Task material
-*-*-
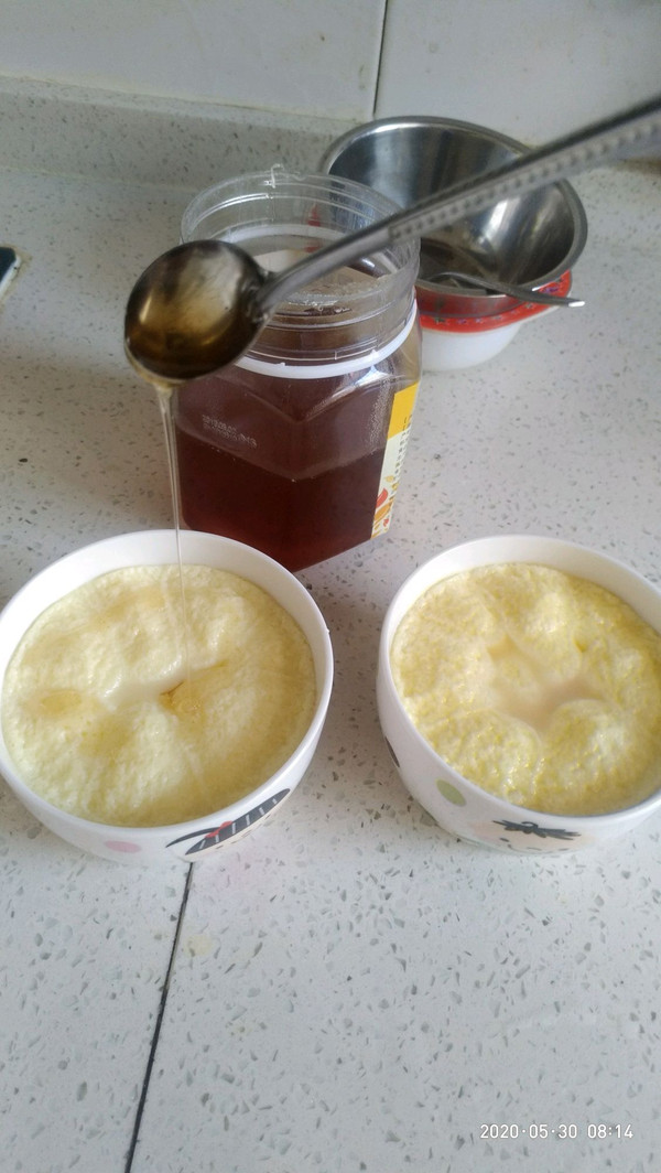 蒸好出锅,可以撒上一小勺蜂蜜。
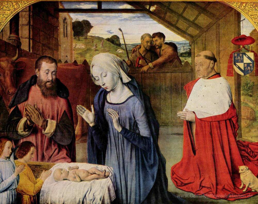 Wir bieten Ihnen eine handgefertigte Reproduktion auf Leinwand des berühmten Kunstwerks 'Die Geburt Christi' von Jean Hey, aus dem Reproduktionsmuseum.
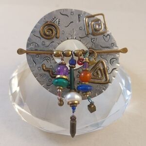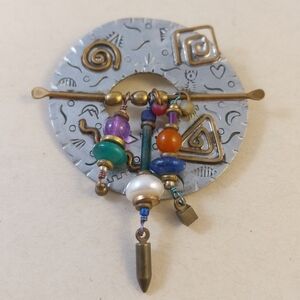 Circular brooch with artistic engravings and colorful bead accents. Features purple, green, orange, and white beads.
-*-*-
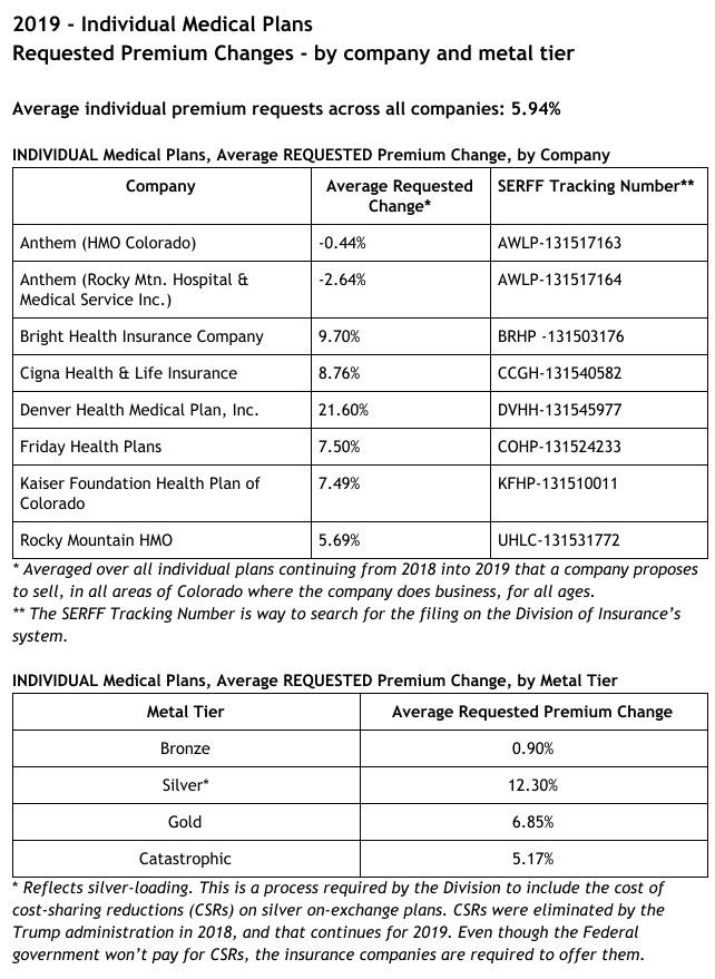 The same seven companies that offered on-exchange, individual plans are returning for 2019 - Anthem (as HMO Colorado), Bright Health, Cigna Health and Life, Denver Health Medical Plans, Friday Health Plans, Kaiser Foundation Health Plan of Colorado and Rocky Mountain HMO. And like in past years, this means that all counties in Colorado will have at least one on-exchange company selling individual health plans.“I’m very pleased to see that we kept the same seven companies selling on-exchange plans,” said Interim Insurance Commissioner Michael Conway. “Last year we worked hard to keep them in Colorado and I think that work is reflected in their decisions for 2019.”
-*-*-
Activity
Could you repeat, exactly, only the lines above starting at the one that has "蒸好出锅,可以撒上一小勺蜂蜜。" and stopping after the one that has "Circular brooch with", without the pictures?

Solved exercise
 蒸好出锅,可以撒上一小勺蜂蜜。
 Wir bieten Ihnen eine handgefertigte Reproduktion auf Leinwand des berühmten Kunstwerks 'Die Geburt Christi' von Jean Hey, aus dem Reproduktionsmuseum.
 Circular brooch with artistic engravings and colorful bead accents. Features purple, green, orange, and white beads.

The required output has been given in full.